▶ Exercise:
Reproduce, exactly and in full, the lines from the one with "その日のコーデに合わせてスリット丈の開け具合を楽しめます。" through the one with "75 families of" in the data below; drop pictures.

──────── Records supplied ────────

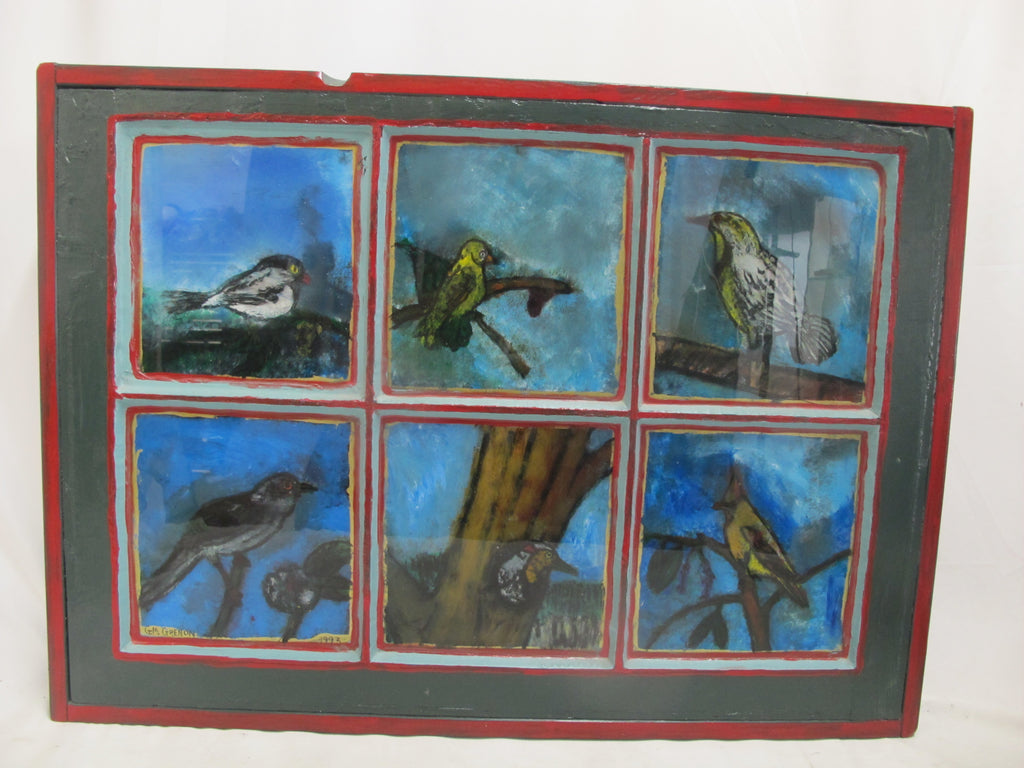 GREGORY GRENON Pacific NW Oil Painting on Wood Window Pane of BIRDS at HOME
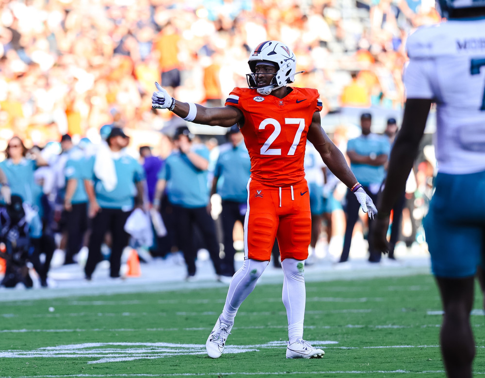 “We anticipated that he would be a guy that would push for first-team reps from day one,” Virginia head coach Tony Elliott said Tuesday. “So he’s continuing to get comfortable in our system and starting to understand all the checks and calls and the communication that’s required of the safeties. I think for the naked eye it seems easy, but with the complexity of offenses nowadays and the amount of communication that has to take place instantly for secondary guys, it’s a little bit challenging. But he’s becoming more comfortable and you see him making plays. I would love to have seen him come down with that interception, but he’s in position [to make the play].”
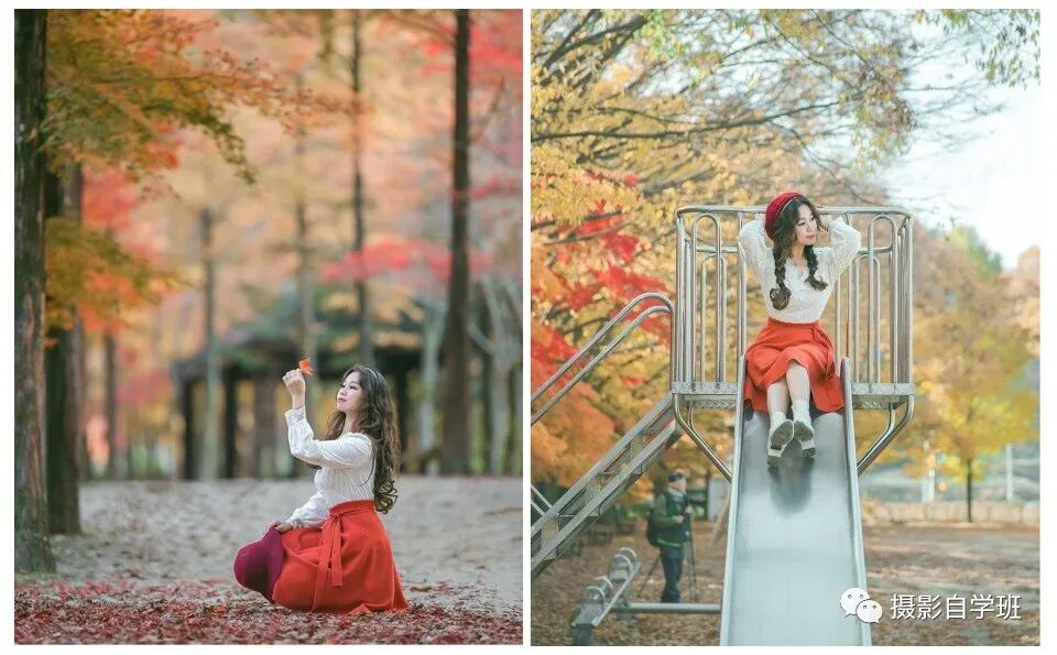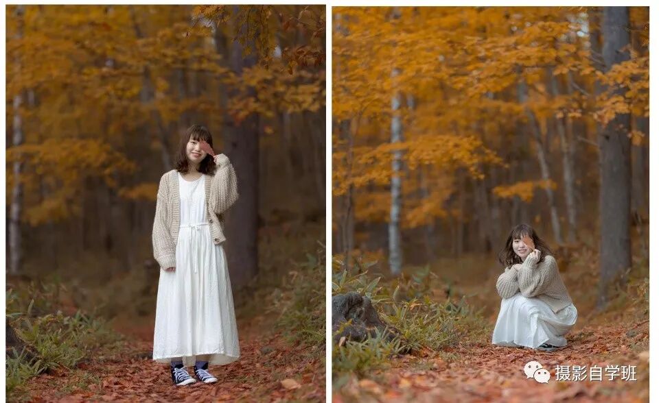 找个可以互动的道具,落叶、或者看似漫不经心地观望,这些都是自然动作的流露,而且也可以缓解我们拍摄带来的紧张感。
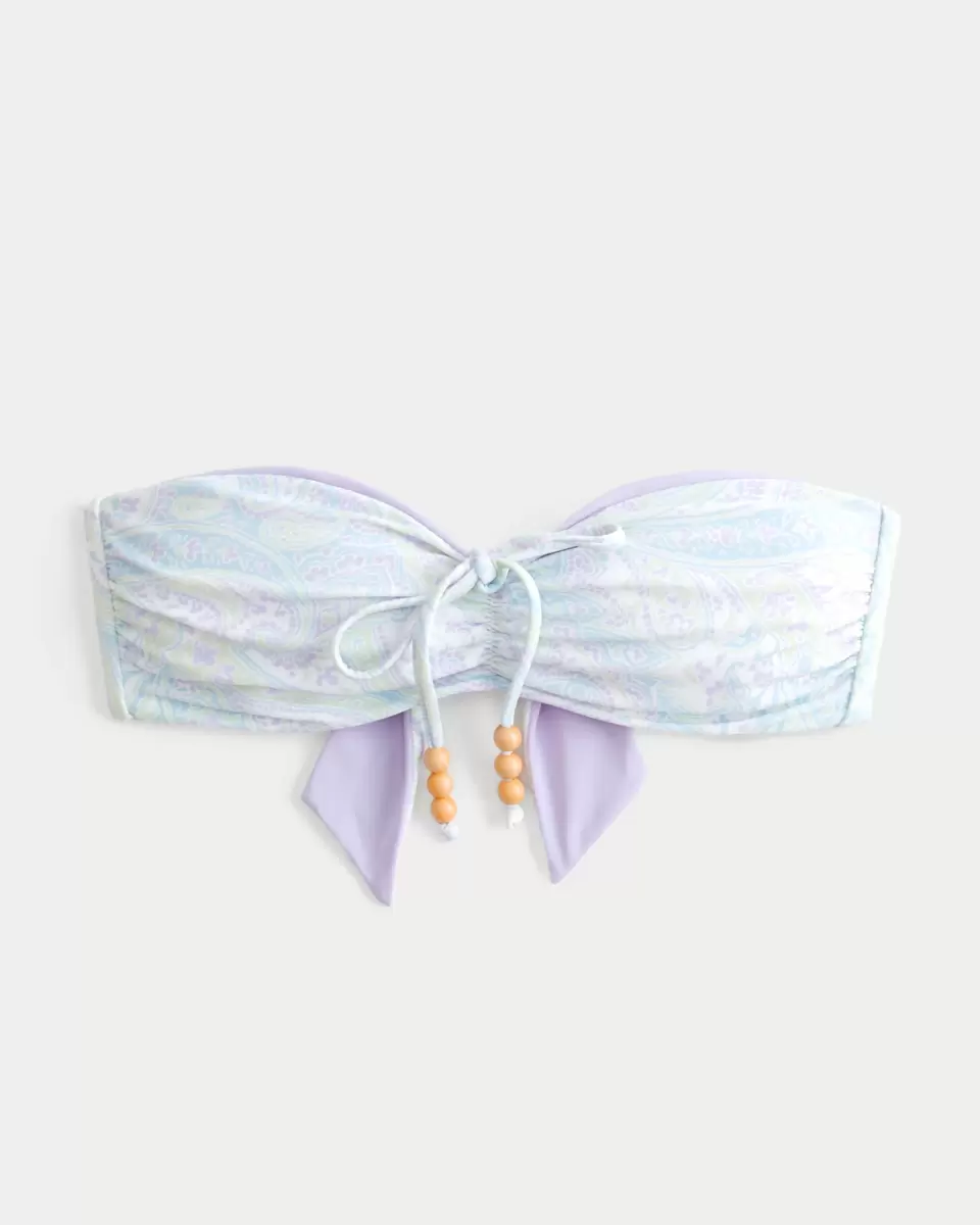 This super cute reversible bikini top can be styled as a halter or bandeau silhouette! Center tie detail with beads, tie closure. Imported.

────────
──────── Records supplied ────────

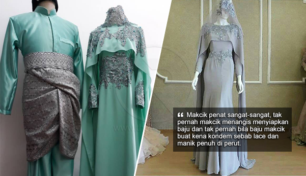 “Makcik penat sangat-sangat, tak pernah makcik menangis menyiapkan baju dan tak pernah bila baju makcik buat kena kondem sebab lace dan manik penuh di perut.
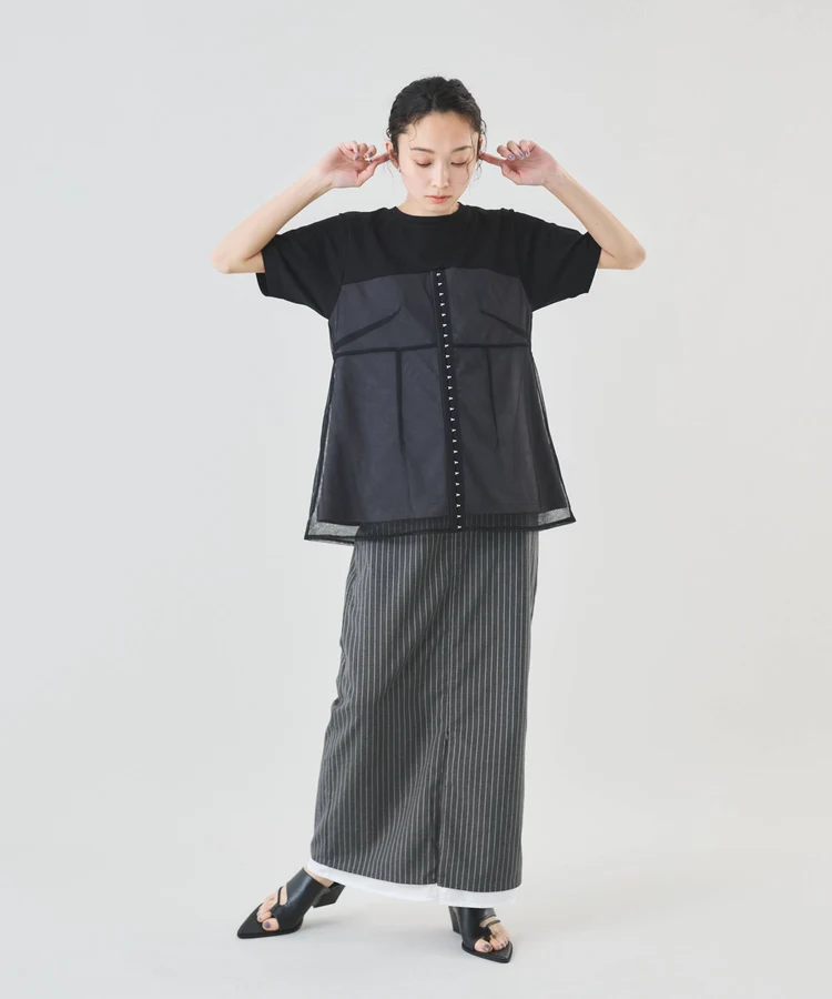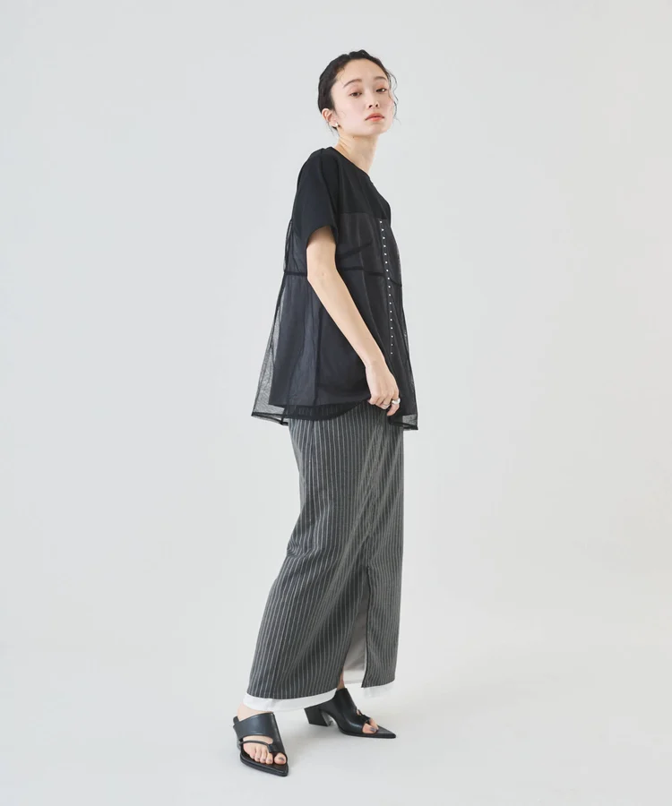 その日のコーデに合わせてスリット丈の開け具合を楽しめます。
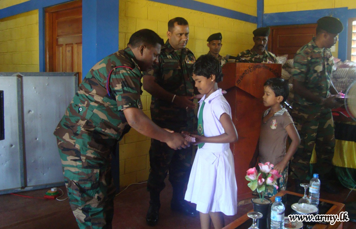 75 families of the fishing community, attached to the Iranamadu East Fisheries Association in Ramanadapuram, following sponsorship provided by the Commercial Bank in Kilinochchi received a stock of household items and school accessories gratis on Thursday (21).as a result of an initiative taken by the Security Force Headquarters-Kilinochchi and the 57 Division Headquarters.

────────

▶ Output for this exercise:
 その日のコーデに合わせてスリット丈の開け具合を楽しめます。
 75 families of the fishing community, attached to the Iranamadu East Fisheries Association in Ramanadapuram, following sponsorship provided by the Commercial Bank in Kilinochchi received a stock of household items and school accessories gratis on Thursday (21).as a result of an initiative taken by the Security Force Headquarters-Kilinochchi and the 57 Division Headquarters.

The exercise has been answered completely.